アイスクリームは、基本的にマイナス18度以下で保存するので、劣化が遅く、賞味期限表示は省略できる。ただアイス最中など、パリッとしたテクスチャー(食感)が、保存中に変化してくるので、アイスクリームの製造会社は、在庫がたまり過ぎないよう、天候などのさまざまな要素をにらみながら、製造量や出荷量などを日々調整している。

マイナス18度以下で保管するアイスクリーム類は賞味期限表示が省略できる(筆者撮影)
マイナス18度以下で保管するアイスクリーム類は賞味期限表示が省略できる(筆者撮影)

ガムも、水分量が少ないので、基本的には賞味期限表示はされていない。
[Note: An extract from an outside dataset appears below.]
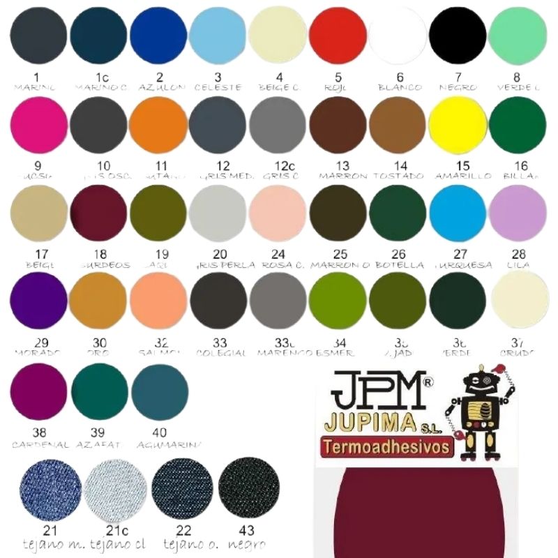 COLOR JUPIMA | 01, 01C, 02, 03, 04, 05, 06, 07, 08, 09, 10, 11, 12, 12C, 13, 14, 15, 16, 17, 18, 19, 19O, 20, 21, 21C, 22, 24, 25, 26, 27, 28, 29, 30, 32, 33, 33O, 34, 36, 37, 38, 39, 40, 43 |

一部、特定保健用食品(トクホ)のガムは、トクホの表示のルールにのっとって、賞味期限表示がなされている。

また、砂糖や塩、一部のアルコール類など、賞味期限表示が省略できる食品は、ほかにもある。

賞味期間は2割くらい短くなっている

食品メーカーは、さまざまなリスクを考慮した上で、食品検査の結果から賞味期限を設定している。国は、リスクを考慮するための安全係数として「0.8以上」を推奨している(義務ではない)。たとえば10ヶ月の賞味期間がある食品であれば、0.8を掛け算して、8ヶ月が賞味期間として表示されることになる。
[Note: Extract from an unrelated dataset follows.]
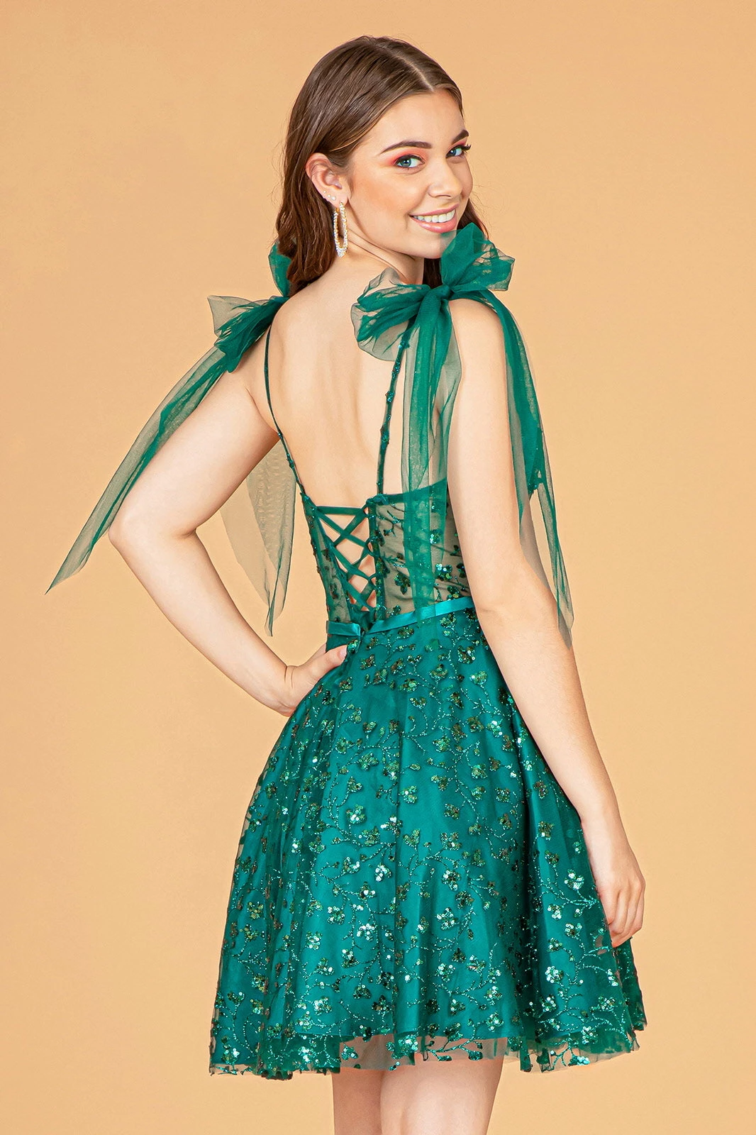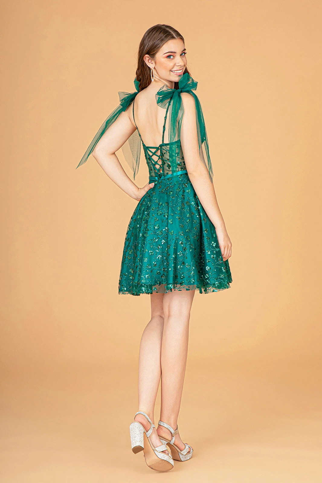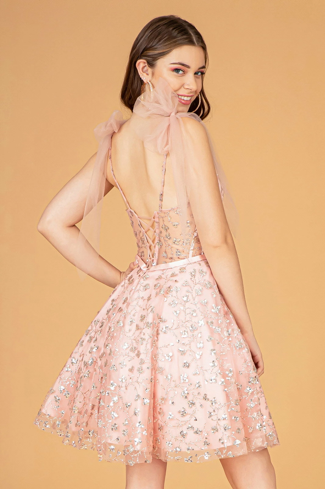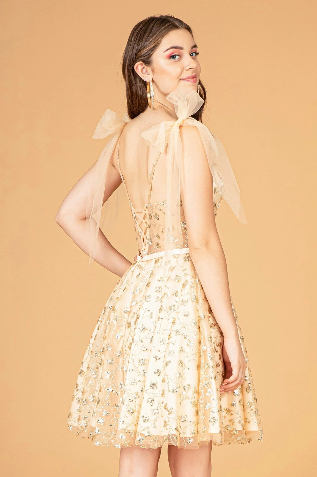 Look breathtaking in this 3D floral short sleeveless glitter print dress with A-line skirt by Elizabeth K GS3088. This mesh babydoll short dress features mesh ribbons on the shoulders creating an adorable and unique vibe. Open sheer back with spaghetti strapped lace-up ties adds a playful touch while the allover sparkly glitter floral print looks incredible.

食品ロスを削減するための具体的な取組みは、この「年月表示化」以外にも、さまざまなものがある。背景として、食品メーカーが小売店に納品するとき、一日たりとも「日付の逆転」が許されないという、食品業界の商慣習があることを知っていただけると、「日付を入れないのは消費者をだますためではないか」と思っていた人も、見方が変わってくるのではないかと思う。